Complementario - 7

Tiempo de unidad

Anna Karenina, el clásico de León Tolstói, comienza con una afirmación interesante: «Todas las familias felices se parecen unas a otras; pero cada familia infeliz tiene un motivo especial para sentirse desgraciada».1 Alguien dijo: «Si crees que conoces a una familia perfecta, ¡no conoces muy bien a esa familia!». Toda familia, independientemente de lo buena, vigorosa o amorosa que sea, tiene desafíos constantes para establecer y mantener el amor y la unidad.

Uno de los primeros resultados evidentes de la caída de Adán y Eva fue la ruptura de la unidad y la intimidad de la que habían disfrutado anteriormente. Elena G. de White dice: «Lo que causa división y discordia en las familias y en la iglesia es la separación de Cristo. Acercarse a Cristo es acercarse unos a otros. El secreto de la verdadera unidad en la iglesia y en la familia no consiste en la diplomacia ni en la administración, ni en un esfuerzo sobrehumano para vencer las dificultades —aunque habrá que hacer mucho de esto—, sino en la unión con Cristo».2

Cristo, el centro

Todo el mundo anhela que en su familia haya unidad. Pero la unidad en cualquier organización no puede obtenerse por la fuerza, imposición o decretos. «El secreto de la unidad se halla en la igualdad de los creyentes en Cristo. La razón de toda división, discordia y diferencia se encuentra en la separación de Cristo. Cristo es el centro hacia el cual todos debieran ser atraídos, pues cuanto más nos acercamos al centro, más estrechamente nos uniremos en sentimientos, compasión, amor, crecimiento en el carácter e imagen de Jesús. En Dios no hay acepción de personas».3

Cuando, como familia, nos unimos a Jesús y lo mantenemos en el centro, no podemos evitar sentir atracción hacia él y hacia los demás. En el Nuevo Testamento se nos aconseja veinticinco veces cómo tratarnos unos a otros.
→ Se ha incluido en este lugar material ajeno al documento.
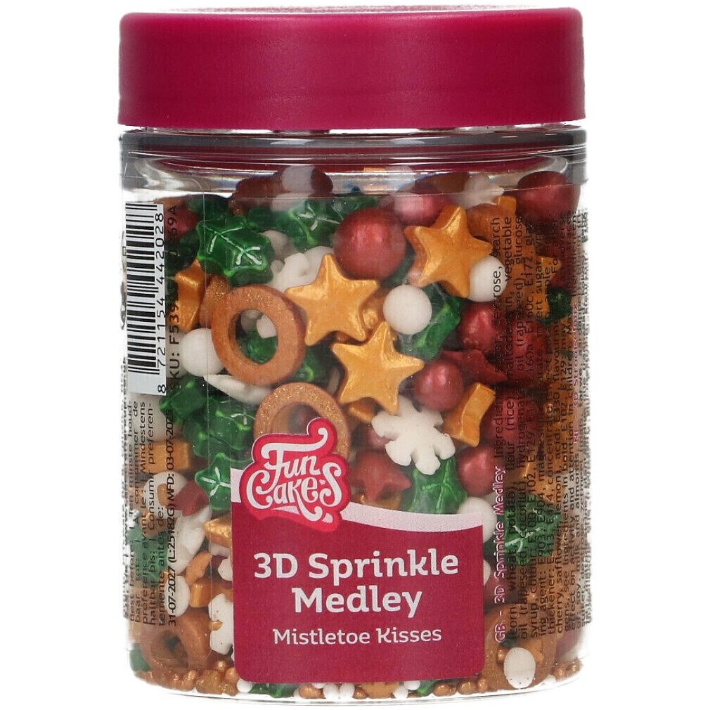 - A mistura de decorações inclui figuras em 3D (estrelas, flocos de neve, folhas de visco e círculos), pérolas, nonpareils, fichas planas e estrelas.
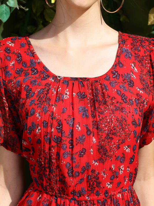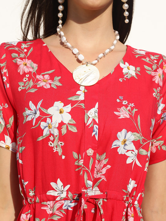 Red Floral Midi dress
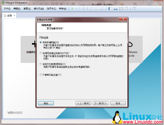 9.“网络类型”选择“使用桥接网络”:

Entre los consejos, se nos dice que nos amemos unos a otros (1 Tes. 3: 12), que nos aceptemos unos a otros (Rom. 15: 7), que nos cuidemos unos a otros como a nosotros mismos (Mar. 12: 31), que nos sometamos unos a otros (Efe. 5: 21), que nos edifiquemos unos a otros (Efe. 4: 29), y que nos sirvamos unos a otros en amor (Gál. 5: 13).

El egoísmo: el destructor de la familia

Cuando Adán y Eva comieron del fruto prohibido, dejaron de buscarse para bendecirse y comenzaron a preocuparse más en su protección individual. Cuando Dios les preguntó qué habían hecho, Adán señaló a su esposa con un dedo acusador. Luego, Eva señaló a la serpiente, e indirectamente a Dios, que la había creado. Desde ese momento, el matrimonio ha consistido en dos personas imperfectas que intentan descubrir cómo pueden vivir juntas en comunión. Aunque tenemos una idea de cómo debería funcionar, muchas veces nos frustran los decepcionantes resultados que tenemos.

El egoísmo es la actitud de colocar los intereses propios por encima de los intereses de los demás. El antídoto contra el egoísmo es: «No hagan nada por egoísmo o vanidad; más bien, con humildad consideren a los demás como superiores a ustedes mismos. Cada uno debe velar no solo por sus propios intereses, sino también por los intereses de los demás» (Fil. 2: 3-4, NV1).

La sumisión

Según 1 Reyes 14: 21, Roboam, el hijo del rey Salomón, tenía cuarenta y un años cuando se convirtió en rey de Israel. Lamentablemente, al parecer él no había aprendido aún la lección del liderazgo de servicio.

Tan pronto como fue coronado como rey en Siquem, muchos de los líderes del país se le acercaron para solicitarle que levantara el pesado yugo de impuestos y trabajo forzado que su padre había impuesto al pueblo. Cuando consultó a los ancianos que habían aconsejado a su padre, estos le dijeron: «Si te pones hoy al servicio de este pueblo, lo sirves y le respondes con buenas palabras, ellos te servirán para siempre» (1 Rey. 12: 7). Pero Roboam no escuchó. Más bien, siguió el consejo de sus amigos de la infancia, amenazando al pueblo y prometiendo un trato aún más duro del que su padre les había dado. Como no sabía servir con humildad, perdió diez de las doce tribus de su reino, creando un sisma irreparable en la nación del pueblo de Dios.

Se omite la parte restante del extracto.